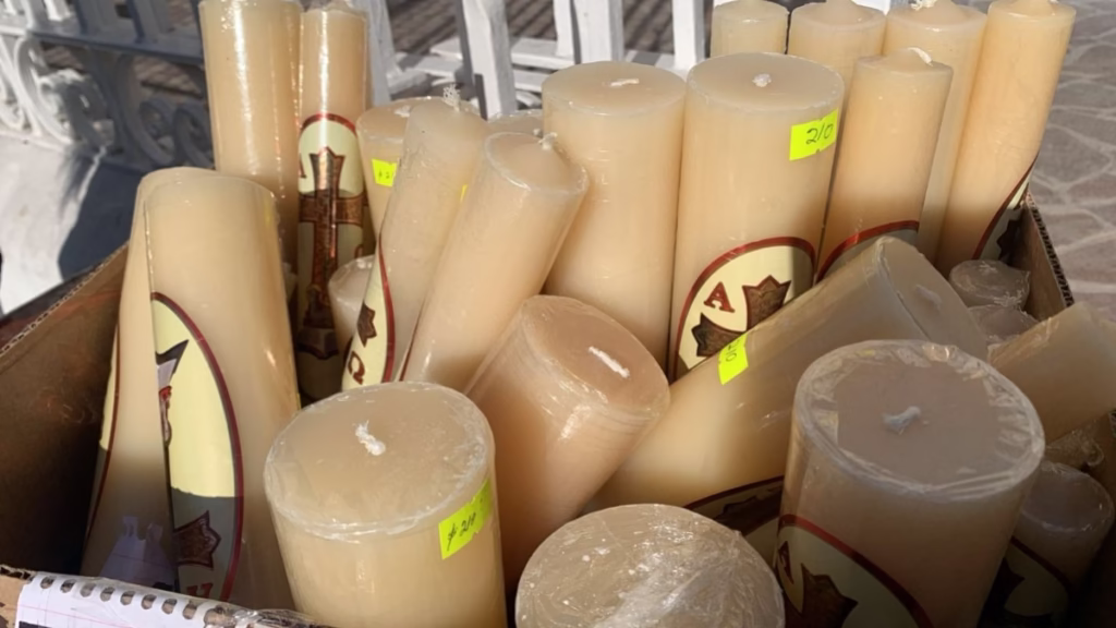 La venta de los cirios para bendecirlos el próximo Sábado Santo también aumentó. Actualmente se venden en 40, 50, 85, hasta 100 pesos, dependiendo del tamaño.
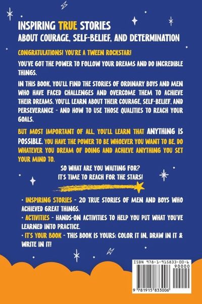 INSPIRING TRUE STORIES ABOUT COURAGE, SELF-BELIEF, AND DETERMINATION.-> The perfect gift for TWEEN BOYS - Ages 8-13 <- The tween years can be tricky. You're not quite a teenager, but you're also not a little kid. It's a time when you're trying to figure out who you are and what you want to be. And sometimes, that can be scary. The great news is you're not alone. Anything is Possible, by Tween Success, is a collection of 20 inspiring true stories of incredible boys and men who have overcome obstacles and challenges to achieve amazing things. You'll learn about their courage, self-belief, and perseverance - and how to use those qualities to reach your goals. Some of them you might already have heard of. Others you'll learn about for the first time. But they all have one thing in common: they refused to give up on their dreams. ¿¿You'll meet:A drummer who lost his arm in a car accident but got back on stage soon after and is now one of the best drummers in the world. An entrepreneur who was turned down for a job at KFC and is now a billionaire. A self-taught inventor who, at just 14 years old, built a windmill out of junk to supply electricity to his family home. And many more! You'll learn about:Overcoming obstacles Being resilient in the face of setbacks The power of positive thinking The importance of hard work Taking risks and overcoming failure These stories will show you that anyone can achieve great things with courage, self-belief, and perseverance, no matter who they are or where they come from. You can take part: At the end of each chapter, you will find an activity related to the stories you just read. These activities will help you put what you've learned into practice. Now let's get started on this journey together. Are you ready? Anything is possible!
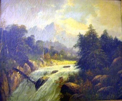 AN OIL ON CANVAS; "A Rushing Torrent" signed LL Brian Torr, 19 1/2"h x 23 1/2"w, losses
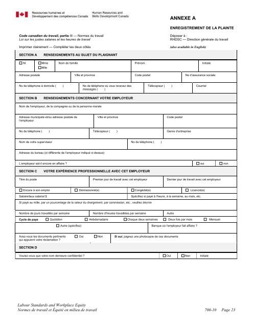 Téléchargez gratuitement le Formulaire de plainte (PDF) et indiquez vos pronoms préférés pour le traitement de votre plainte. Incluez votre adresse courriel pour un suivi efficace.
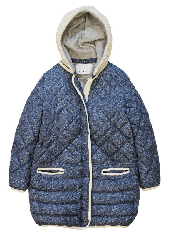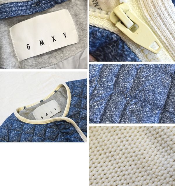 【G M X Y】【ニット×ニット柄プリント】【フード取り外し可能】中綿入り【キルティングジャケット】【サイズS】【レディース古着】
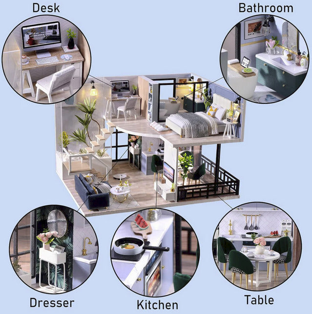 Mini Casă de păpuși din lemn 3D, Asamblare manuala, vârsta 5-12 ani
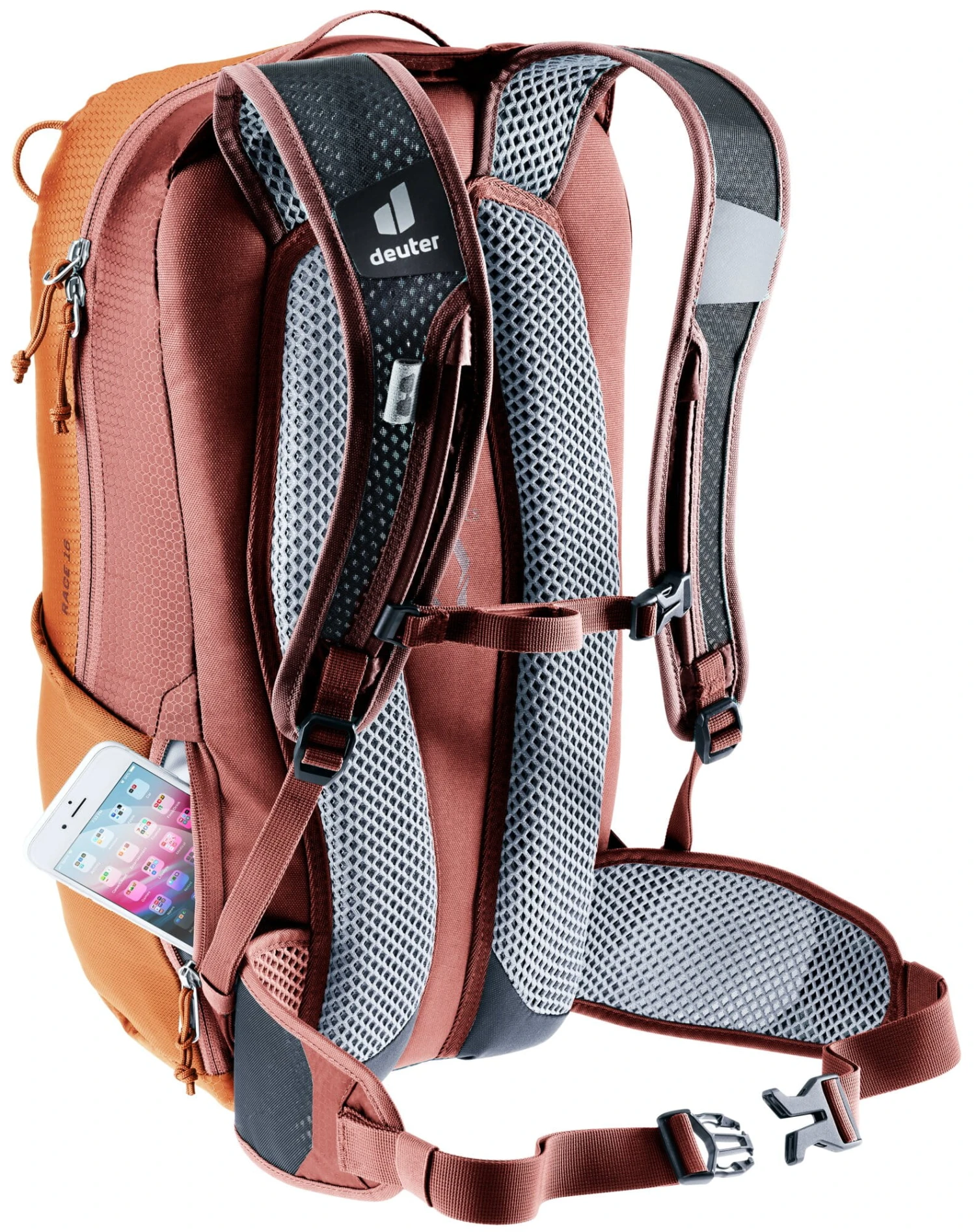 Het luchtdoorlatende Airstripes rugsysteem garandeert een goede ventilatie van de rug en zit zelfs op sportieve trails compact op het lichaam. Bovendien houden de borstband met een nieuwe eenhandige borstbandgesp en de mesh heupvinnen de rugzak optimaal op zijn plaats, zelfs als het er ruig aan toe gaat.
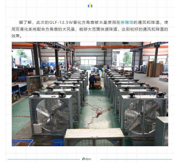 海外市場(chǎng)部的同事介紹,該客戶(hù)近年在德通的推薦下零散訂購(gòu)了一些GLF豪華方角扇和GLF霧化方角扇用于自己的倉(cāng)庫(kù)和車(chē)間通風(fēng)降溫。
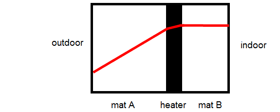 I drew them linear because without heat generation, the profile is linear. The slope in mat A is also steeper due to the k/L ratio compared to mat B. (Is this alright?)
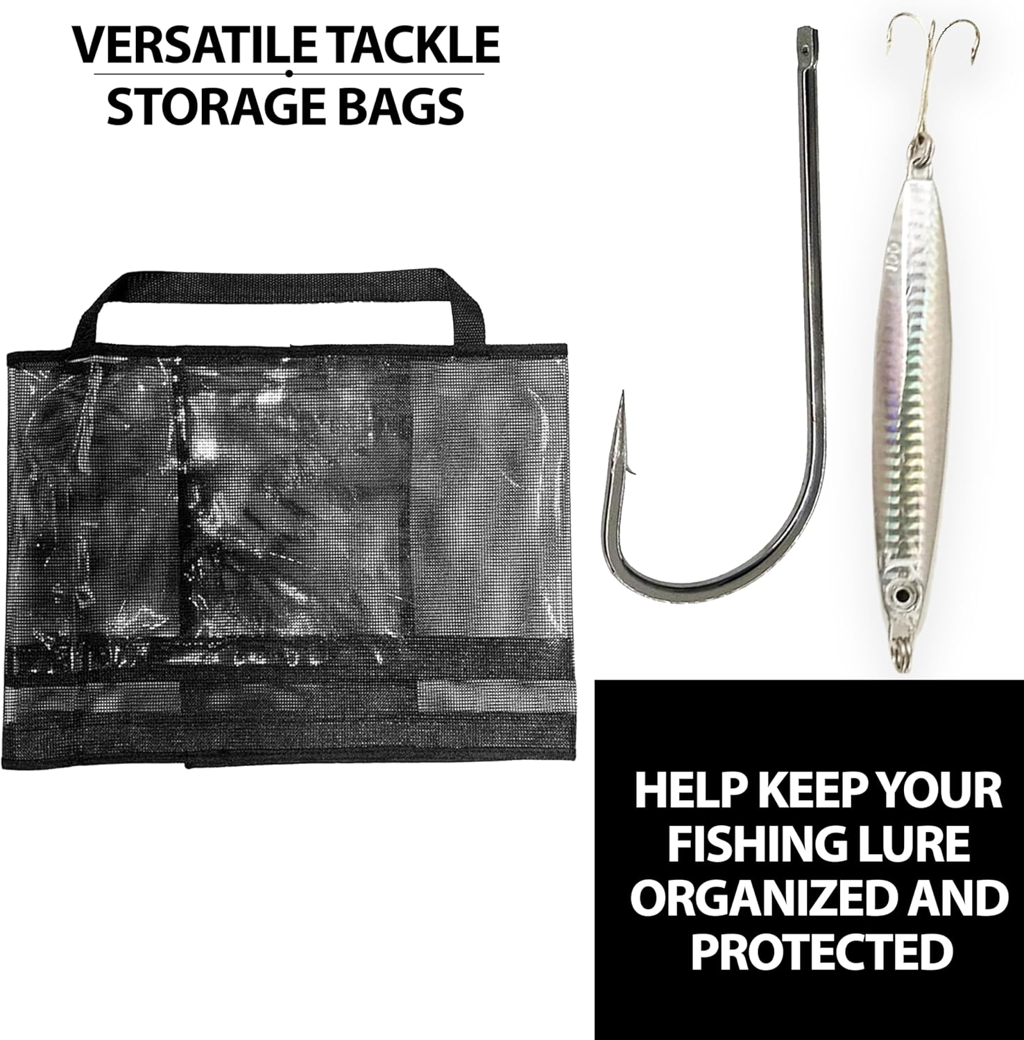 Upgrade your fishing tackle storage with the 42" Spreader Bar Lure Bag Black Pack of 4, the ultimate fishing lure bag solution for keeping your gear organized and protected. Designed with multi-compartment storage, these durable fishing lure bags feature a breathable vinyl back and a clear vinyl front, allowing you to efficiently sort your lures by size, style, and color. The mesh lure bag design enables quick and easy rinsing, making it perfect for both saltwater and freshwater fishing. Built for heavy-duty use, these compact lure storage bags keep your trolling rigs, Marlin lures, and deep drop jigs safe and secure, ensuring maximum protection during transport. Whether you're a seasoned angler or a weekend warrior, these portable lure organizers with shoulder straps provide hands-free convenience, making them the best lure bags for anglers. Elevate your fishing tackle storage solutions with this affordable fishing gear organizer, designed for efficiency, durability, and easy access on every fishing adventure.

-.-.-

# Aim of the exercise
Go to the line above holding "Téléchargez gratuitement le", then copy exactly each line down to and including the one holding "Mini Casă de", leaving pictures out.

# Answer box
 Téléchargez gratuitement le Formulaire de plainte (PDF) et indiquez vos pronoms préférés pour le traitement de votre plainte. Incluez votre adresse courriel pour un suivi efficace.
 【G M X Y】【ニット×ニット柄プリント】【フード取り外し可能】中綿入り【キルティングジャケット】【サイズS】【レディース古着】
 Mini Casă de păpuși din lemn 3D, Asamblare manuala, vârsta 5-12 ani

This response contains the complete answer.